INPUT START

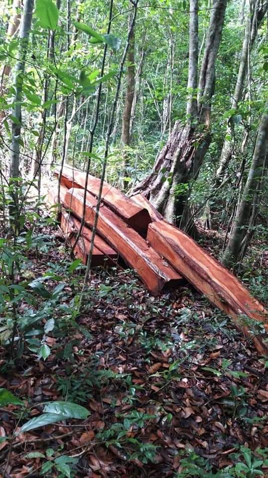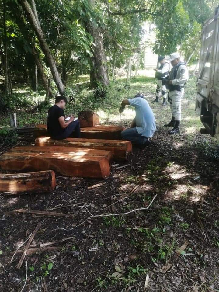 Al realizar patrullajes de prevención y seguridad en el municipio de Calakmul, guardias nacionales ingresaron a un camino de terracería en donde ubicaron siete trozas de recurso maderable, también conocido como Nogal del Caribe, una especie de mayor demanda para muebles finos.
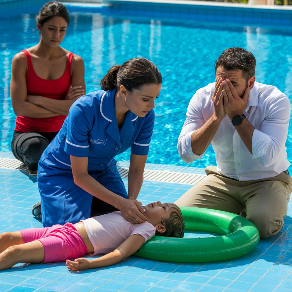 Guests stared, paralyzed. Arthur dropped his phone and crumpled to his knees, whispering, “My son… my son…” But the child was still, pale, water streaming from his mouth. Camila laid him on the hot marble and began compressions, her own tears mixing with the pool water on her face. “Please, God, not now, please…” she whispered.
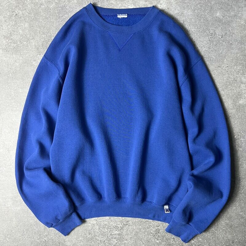00s RUSSELL 無地 前V スウェット トレーナー / 00年代 オールド ラッセル 裏起毛 ブルー 青 スエット
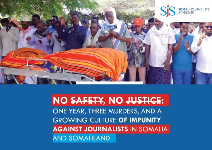 The Somali Journalists Syndicate (SJS) remains gravely concerned about the persistent culture of impunity that continues to endanger journalists and undermine press freedom in Somalia and Somaliland. The lack of accountability for the killings of Amun Abdullahi Mohamed, Mohamed Abukar Mohamed (Dabaashe), and Abdifatah Abdi Osman (Arab) reflects a deep failure by the authorities to protect journalists and uphold justice. This failure, coupled with the unending arrests, physical assaults, arbitrary detentions, and restrictions on access to information, has entrenched fear and self-censorship within the media community.
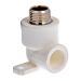 (VTp.755.0) Комбинированный угловой фитинг с креплением (полипропиленовая водорозетка), предназначенный для подсоединения к полипропиленовому трубопроводу сантехнического смесителя или другого компонента инженерной системы с резьбовым подключением. Резьба фитинга – наружная трубная по ГОСТу 6357, 1/2.

INPUT END

▸ YOUR ASSIGNMENT: Transcribe the entries from their first line to the line that holds "The Somali Journalists", both included, and skip every picture.

▸ WORKED SOLUTION:
 Al realizar patrullajes de prevención y seguridad en el municipio de Calakmul, guardias nacionales ingresaron a un camino de terracería en donde ubicaron siete trozas de recurso maderable, también conocido como Nogal del Caribe, una especie de mayor demanda para muebles finos.
 Guests stared, paralyzed. Arthur dropped his phone and crumpled to his knees, whispering, “My son… my son…” But the child was still, pale, water streaming from his mouth. Camila laid him on the hot marble and began compressions, her own tears mixing with the pool water on her face. “Please, God, not now, please…” she whispered.
00s RUSSELL 無地 前V スウェット トレーナー / 00年代 オールド ラッセル 裏起毛 ブルー 青 スエット
 The Somali Journalists Syndicate (SJS) remains gravely concerned about the persistent culture of impunity that continues to endanger journalists and undermine press freedom in Somalia and Somaliland. The lack of accountability for the killings of Amun Abdullahi Mohamed, Mohamed Abukar Mohamed (Dabaashe), and Abdifatah Abdi Osman (Arab) reflects a deep failure by the authorities to protect journalists and uphold justice. This failure, coupled with the unending arrests, physical assaults, arbitrary detentions, and restrictions on access to information, has entrenched fear and self-censorship within the media community.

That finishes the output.